Затем послышался голос барона:

— И что же ты?

— Я — добрый христианин.

Опять была тишина. Потом Аттендорн с горечью заметил:

— Я не могу тебя об этом просить... Я вижу, как ты многие годы несёшь бремя того юношеского греха, и вижу, как искренне ты раскаиваешься... И в то же время ведёшь себя с достоинством... И невозможно о том просить рыцаря, давшего обет безбрачия, но, помня о том, что многие рыцари этот обет нарушают и не почитают за великий грех... скажу: лучше бы ты взял её, Марквард.

— Что вы такое говорите, комтур? — не поверил своему слуху Юнкер.

— Нет, не на алтаре, разумеется. И не в церкви. Но я подумал сейчас: может быть, ей этого не хватает? именно этого для того, чтобы избавиться от её тяжкого недуга...

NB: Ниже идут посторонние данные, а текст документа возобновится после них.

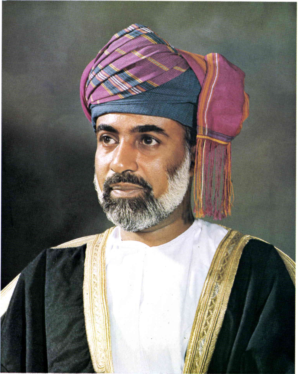
HM Sultan Qaboos bin Said, Sultan of Oman

Здесь Юнкер заговорил почти что с жаром:

— Вы не поверите, господин барон, но и я не раз думал о том же: кабы была у неё возможность выплеснуть из себя нерастраченную любовь, избавиться от нерастраченных чувств, которые, по всему видать, ей не во благо, то и не было бы у неё тех припадков, что мучают и тело, и дух её и что не дают покоя вам и всем домашним и мне, грешному...

— Если двое подумали об одном и том же, — обрадовался Аттендорн, — значит, они близки к истине.

— И потому я не стал наказывать того человека.

— Какого человека? — насторожился барон.

— Мне доверился один кнехт. Он у нас человек новый. И не знает о делах прошлого. И ему не рассказали о припадках баронессы. Он привлёк её внимание как мужчина и был тем польщён. Не стану называть его имени... У него были с Фелицией несколько тайных встреч.

— Я знаю, о ком ты говоришь. Не так уж много у нас новых кнехтов. Но продолжай, — спешил услышать Аттендорн.

— Так вот, у Фелиции случились припадки при нём. Не скажу, что кнехт напуган. Он мужественный человек. Однако встревожен изрядно. И растерян. Он не знает, как ему быть: не обращать внимания на то, что он видел и слышал, или идти к священнику.

— О нет, нет! — воскликнул барон.

— Он мог бы избрать первое и, отдалившись от Фелиции, забыть обо всём, но Фелиция настойчиво преследует его. Для начала он, слава Богу, решил посоветоваться со мной и во всём открылся.

И далее Юнкер рассказал барону то, о чём поведал ему ландскнехт...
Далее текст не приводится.